Wie sehen Sie die Lösungsmöglichkeiten für diese Probleme?
Die von der Regierung eingeschlagene Lösung der Auslagerung von schlechten Wertpapieren auf sogenannte „Bad Banks" zur Bewältigung der aktuellen Bankenkrise sehe ich kritisch. Wenn sie den Steuerzahler, wie behauptet wird, nichts kosten, können sie auch nicht helfen. Und wenn sie, wie ich befürchte, den Steuerzahler doch teuer zu stehen kommen, dann fände ich es besser, der Staat würde Aktien im Ausgleich für die Hilfe erhalten. Der Steuerzahler hat nichts zu verschenken. Die Geheimniskrämerei, die Banken und Staat derzeit betreiben, trägt nicht zur Vertrauensbildung und Wiederherstellung des Interbankenmarktes bei. Es muss alles auf den Tisch. Dann wird man sehen, wie viel Geld die Banken brauchen und wie viele Aktien der Staat dafür gerechterweise erhalten sollte. Nur eine schnelle Rekapitalisierung der Banken gewährleistet, dass dann die Unternehmen genug Kredite bekommen und die Wirtschaft flüssig bleibt.

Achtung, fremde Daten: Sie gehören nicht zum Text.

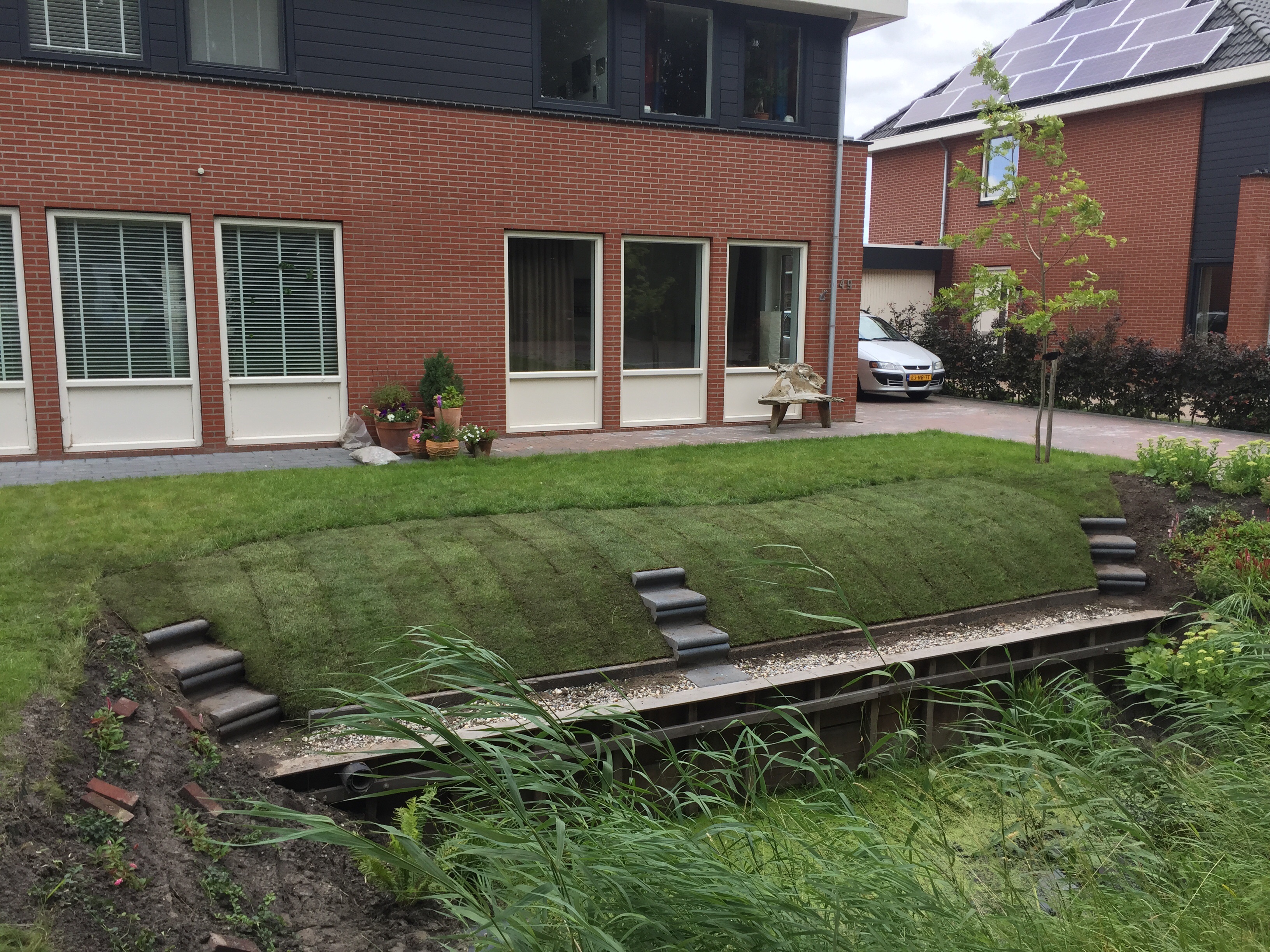 Doordat de zoden erg nat waren zijn ze ook behoorlijk zwaar, hierdoor kunnen ze soms wat eerder scheuren. Dit is niet de bedoeling maar kan soms wel voorkomen. Gelukkig groeien de graszoden snel aan elkaar en kan u genieten van een mooi strak gazon.
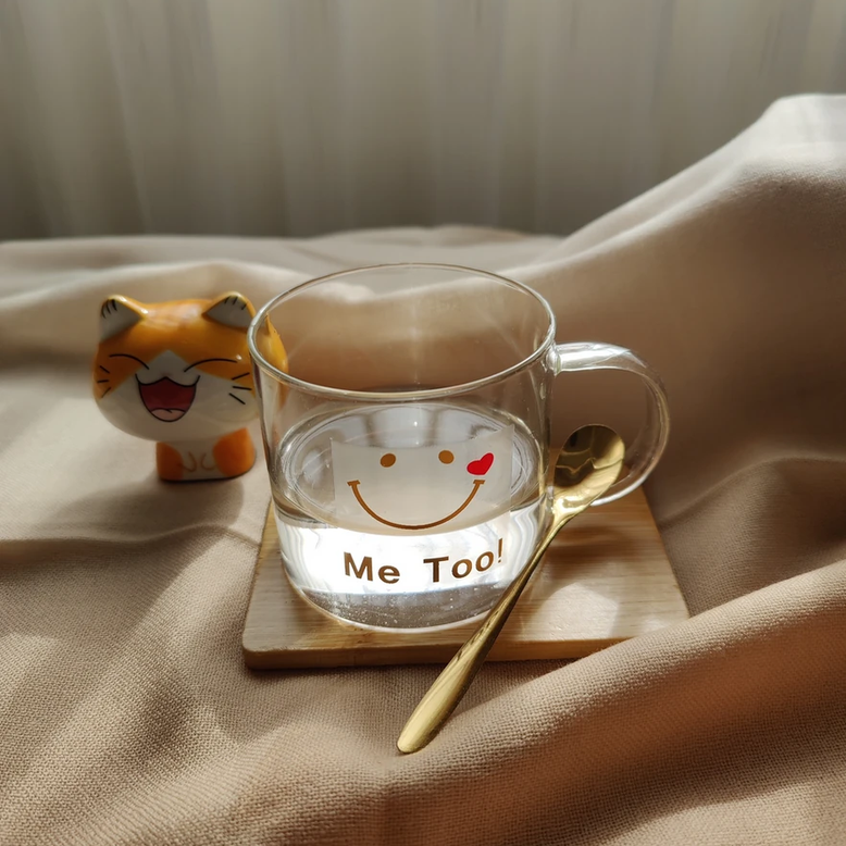 Taza de vidrio transparente con ilustración, ideal para café, té o infusiones. Incluye posavasos y cucharita dorada, formando un conjunto práctico y bien presentado.

Nach der Krise soll der Staat seine Anteile wieder verkaufen, denn der Staat hat zwar Geld, ist aber ein schlechter Banker.
Welchen Handlungsbedarf sehen Sie mittel- und langfristig?
Mittel- und langfristig sind aus meiner Sicht international harmonisierte, wesentlich höhere Eigenkapitalquoten notwendig. So sollte die Kernkapitalquote der Banken, mit der Kredite und verbriefte Wertpapiere unterlegt werden, von derzeit vier auf acht Prozent erhöht werden. Ergänzend halte ich die Hinwendung zu einer vorsichtigeren Bilanzierung nach dem Vorbild des Niederstwertprinzips des deutschen HGB für notwendig sowie ein Verbot der extrem spekulativen Leerverkäufe. Eingeführt werden müssen auch enge gesetzliche Grenzen für Zweckgesellschaften, Hedgefonds und das Geschäft mit Kreditversicherungen (sog. Credit Default Swaps).